National Review has uncovered a second abortion mandate in Obamacare:
Finalized on March 12, 2012 (and set to go into effect with the 2014 exchanges), the new HHS rule implements Section 1303 of the “Patient Protection and Affordable Care Act.” The new rule imposes mandates on every single enrollee in a qualified health plan that happens to include abortion coverage. In particular, federal law will soon mandate that every single individual enrolled in such a plan make payments to a private fund designated solely to the payment of abortion. This scheme allows Obamacare to get around the controversial issue of government-funded abortions with a new funding source: mandatory private payments by you, the insured.
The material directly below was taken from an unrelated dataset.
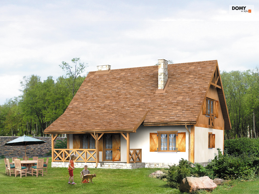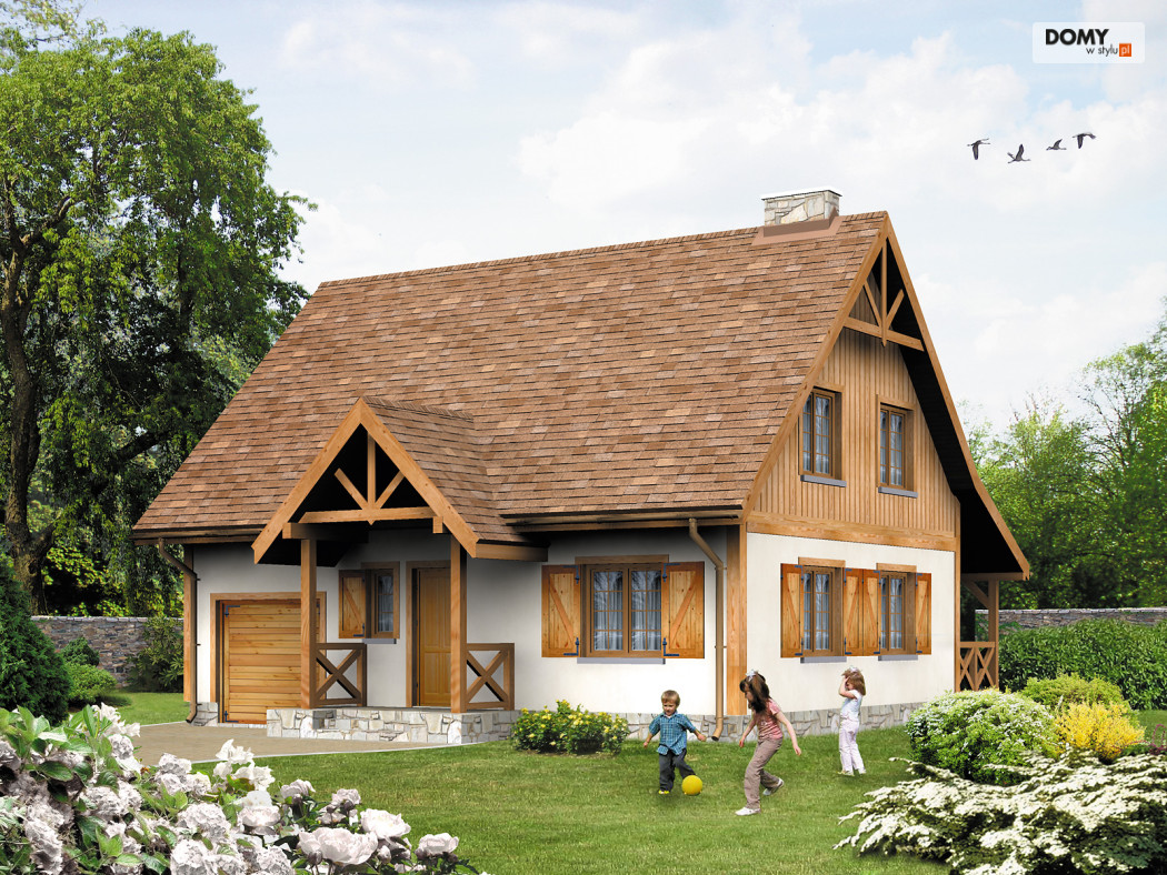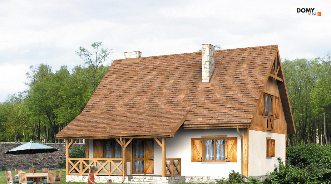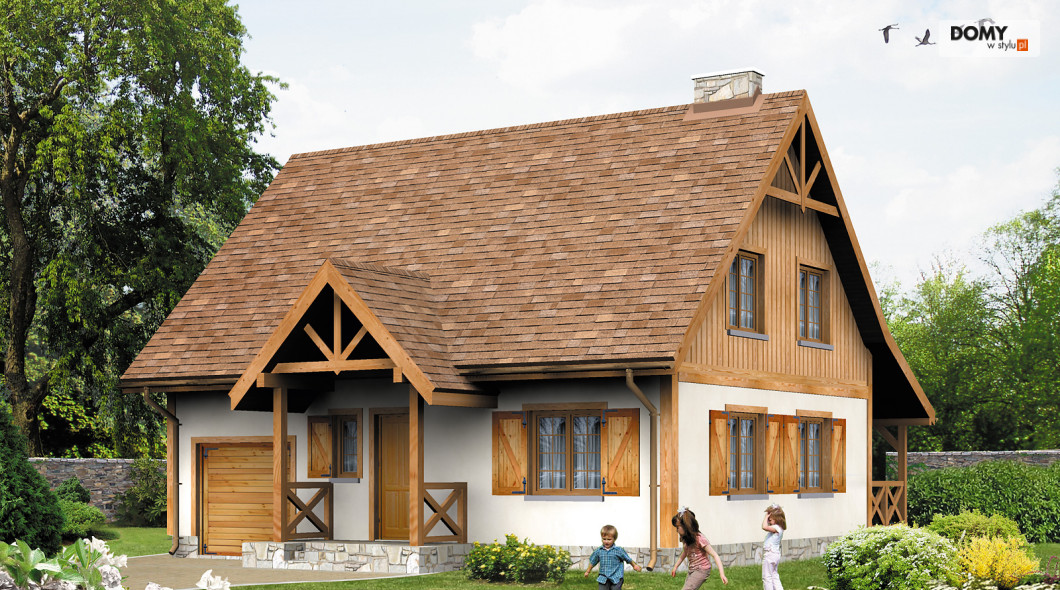 Prosty, funkcjonalny dom jednorodzinny z użytkowym poddaszem i garażem. Przeznaczony dla 3 – 4-osobowej rodziny. Dom posiada duży, zadaszony taras dostępny z salonu. Niewielkie rozmiary domu pozwalają na usytuowanie go na małej działce.
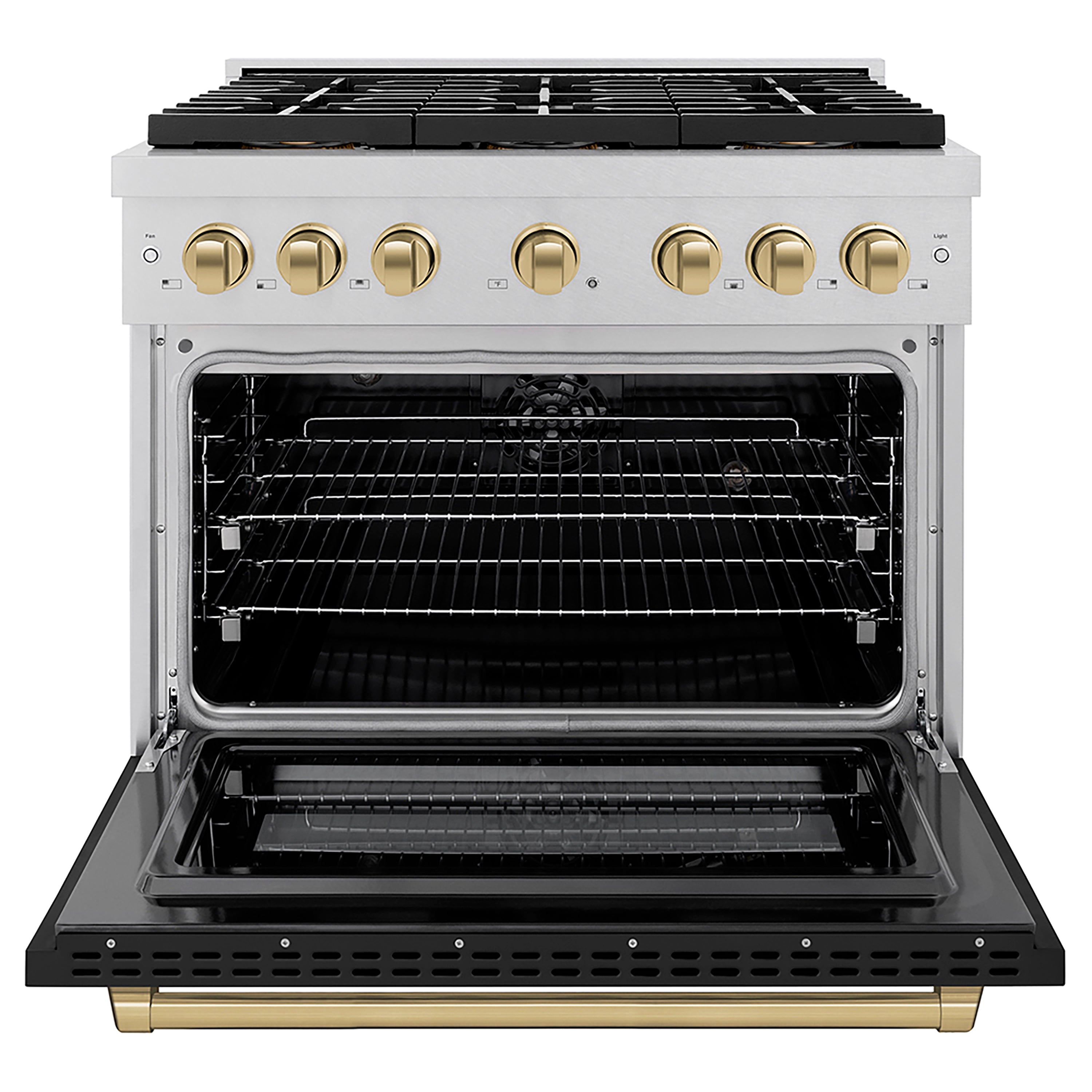 Luxury isn’t meant to be left desired—it’s meant to be attainable. The ZLINE Autograph Edition 36 in. 5.2 cu. ft. Paramount Dual Fuel Range with 6 Burner DuoPro™ Cooktop and Electric Convection Oven in Satin Stainless Steel with Black Matte Door and Champagne Bronze Accents (PSDRSZ-BLM36-CB) features a high-powered gas cooktop with 6 hand-crafted Italian dual-ring brass burners and a versatile electric convection oven allowing you to master every meal. Double your cooking power on every burner with a DuoPro™ Cooktop that delivers ultimate flame control flexibility and unprecedented culinary confidence.

Here’s how it works. The new rule authorizes issuers to offer abortion coverage as part of their plans in the government-subsidized exchanges. For issuers that voluntarily include abortion coverage as part of their health plans, the new HHS rule mandates the private insurer to compel all enrollees to directly pay a separate abortion premium “without regard to the enrollee’s age, sex or family status.” Not surprisingly, the abortion premium also must be paid without regard to whether the individual has a religious or moral objection to funding other people’s abortions.
The new rule specifies that the abortion premium must be separately itemized on each enrollee’s bill or payroll deduction. The Obama administration’s new rule then directs the issuer to place the abortion premiums into “allocation accounts” to be used “exclusively” to pay for other people’s elective abortion. It’s astounding. It’s also a violation of religious liberty for the reasons set forth in the friend-of-the-court brief that we recently filed to aid the Supreme Court in its review of Obamacare’s individual mandate.So, if you want to avoid abortion premiums, you can simply pick an abortion-free plan, right? Well, the new HHS rule seems deliberately designed to foil that option. With an audacious snub of the concept of consumer transparency, the HHS rule expressly instructs the issuer to hide the abortion coverage and the mandated separate abortion-premium payment from any advertising or information listings in the state exchanges.
According to the rule: “A [qualified health plan] that provides for coverage of [elective abortion] must provide a notice to enrollees, only . . . at the time of enrollment.” It goes on to provide that the issuer’s advertising in the exchange must provide information “only with respect to the total amount of the combined payments” (without the need to put consumers on notice by breaking out the abortion amount to be billed separately). Thus consumers picking plans will likely have no idea about which ones come with the abortion premium mandate.
Who will end up in these plans? First, many people will accidentally walk into the rule’s trap and buy a policy under which the federal government will force them to make monthly abortion-premium payments — something they would not do if the government mandated transparency (or at least permitted transparency!) about the abortion-premium mandates. Second, many people will end up in these plans if it is the plan chosen by their employers. Third, many people may be forced to select these plans if available alternatives do not have the coverage or doctor networks their families need.
One way or another, millions of Americans will soon find themselves in plans that require these separate abortion payments as a matter of federal law.